De l’entre-deux-guerres aux années qui suivent immédiatement la Seconde Guerre mondiale, une même « atmosphère » imprègne les productions de différents médiums artistiques – littérature, cinéma, photographie, voire chanson et art graphique ; elle informe un imaginaire commun où circulent les représentations bien reconnaissables d’un certain Paris, celui des quartiers populaires et de la banlieue, plus généralement des « marges » urbaines et sociales de l’époque (prisons, bagnes, « quartiers réservés »). Utilisé aussi bien par les réalisateurs (Carné, Duvivier, Clair, etc.) que par les écrivains (Mac Orlan, Carco, Prévert, Simenon, Cendrars, voire Genet) ou par les photographes (Brassaï ou Kertesz), le terme d’« atmosphère » y devient un mot-clé désignant un certain rapport à la ville moderne, mais aussi l’inquiétude diffuse et les malaises d’une société brutalisée par la guerre et pressentant l’imminence de nouvelles catastrophes. Par sa volonté de saisir cette « atmosphère » bien particulière, dont l’« imaginaire des bas-fonds » (D. Kalifa) fournirait le verre grossissant, cette esthétique se présente le plus souvent comme intermédiale, d’abord à travers les multiples et très concrètes collaborations des artistes entre eux (écrivains/illustrateurs, cinéastes/écrivains, photographes/écrivains), puis dans la manière – souvent fantasmatique – dont ces médiums s’y pensent et s’y réfléchissent les uns les autres.

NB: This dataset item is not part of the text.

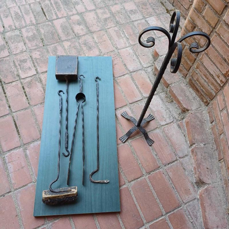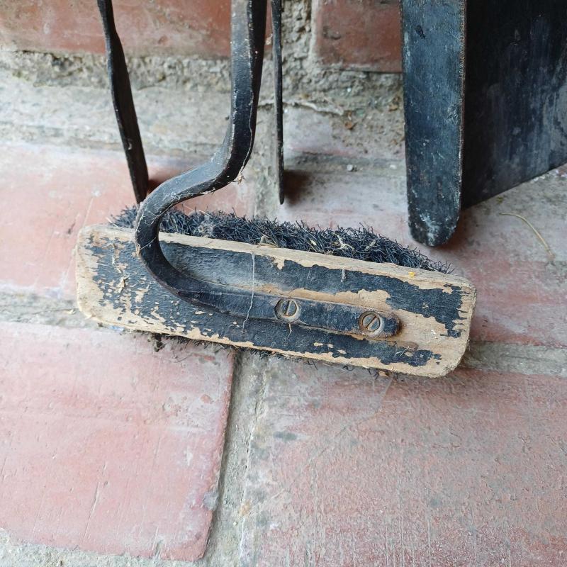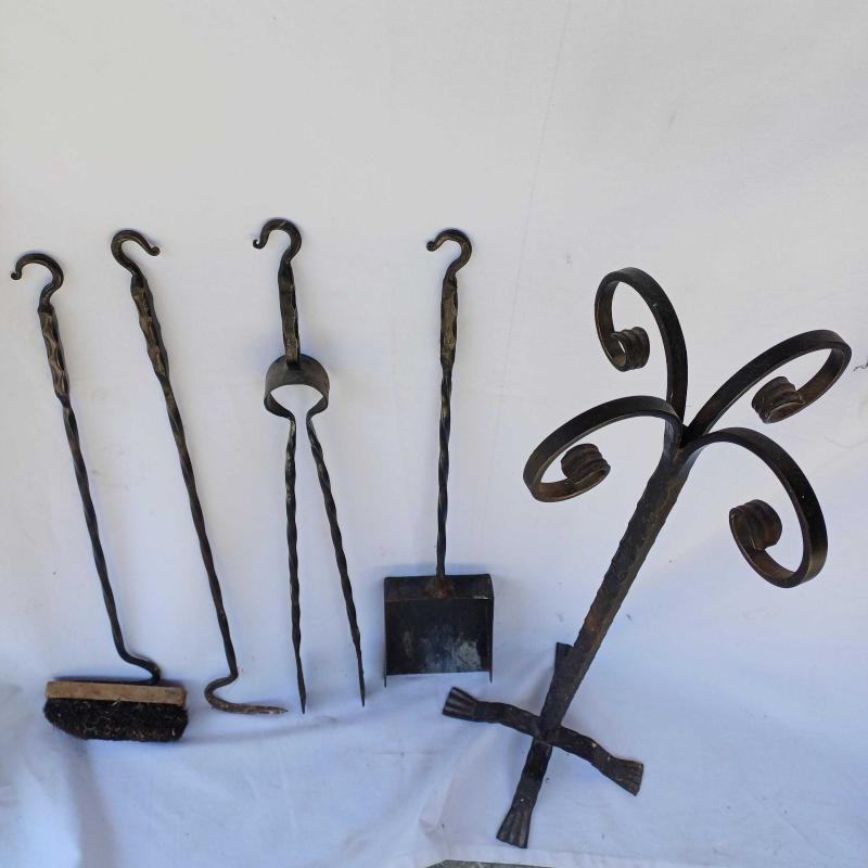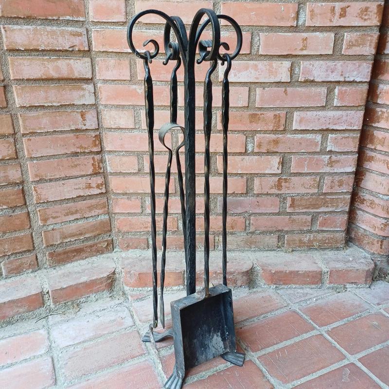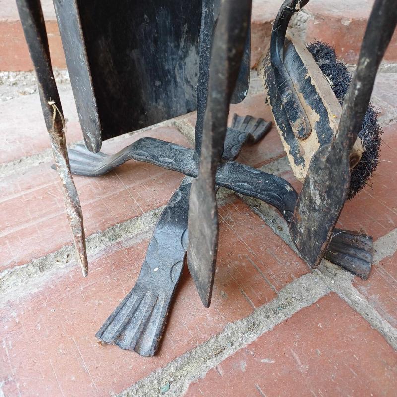 Dökme demir sömine temizlik aksesuari. Kurek,firca,masa,kanca ve tasiyici kaide. Vintage. Fırcasi biraz yipranmis.(degistirilebilinir) Siyah renkte. Dolu demir ve lamalarla uretilmis. Yukseklik 72 cm Taban 20 x 20 cm Oldugu hali ile fotograflanmistir.

Connu dans l’histoire du cinéma sous le nom de « réalisme poétique », ou encore de « réalisme d’atmosphère » (André Bazin), désigné parfois en littérature sous le terme de « fantastique social » (Pierre Mac Orlan), ce courant en marge des avant-gardes, mais empruntant à ces dernières nombre de leurs innovations, mérite d’être compris dans ses différentes déclinaisons littéraires, cinématographiques, photographiques, etc., et saisi dans sa singularité, mais aussi dans l’ambivalence même de son projet : un « réalisme » qui n’hésite pas à recourir à l’artifice et au stéréotype, à travers notamment la mise en avant du « décor », la déformation de la caricature et le goût du grotesque, ou encore l’esthétique du journal à sensation.

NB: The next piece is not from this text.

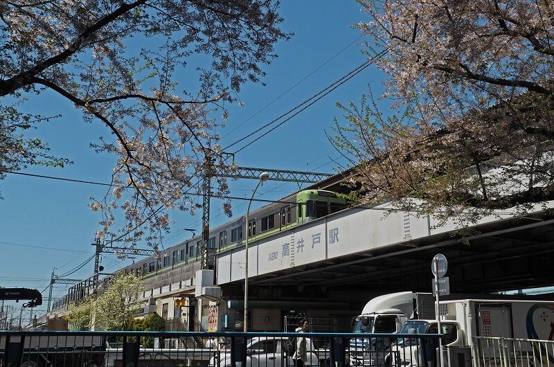 三鷹台から乗り、3駅目の高井戸で降りる。ここは南側に並行する神田川沿いの桜並木が見事なのだ。

Notre recherche se propose de mettre en évidence, sous un angle critique qui en souligne aussi les enjeux idéologiques, cet imaginaire commun marqué par un certain air du temps et resté le plus souvent inaperçu des histoires de chaque art – notamment de l’histoire littéraire –, dans la mesure où il se situe d’une part dans « un espace flou entre haute culture et culture populaire » (Andrew Dudley), et d’autre part entre plusieurs formes d’expression artistique, considérées généralement de manière séparée.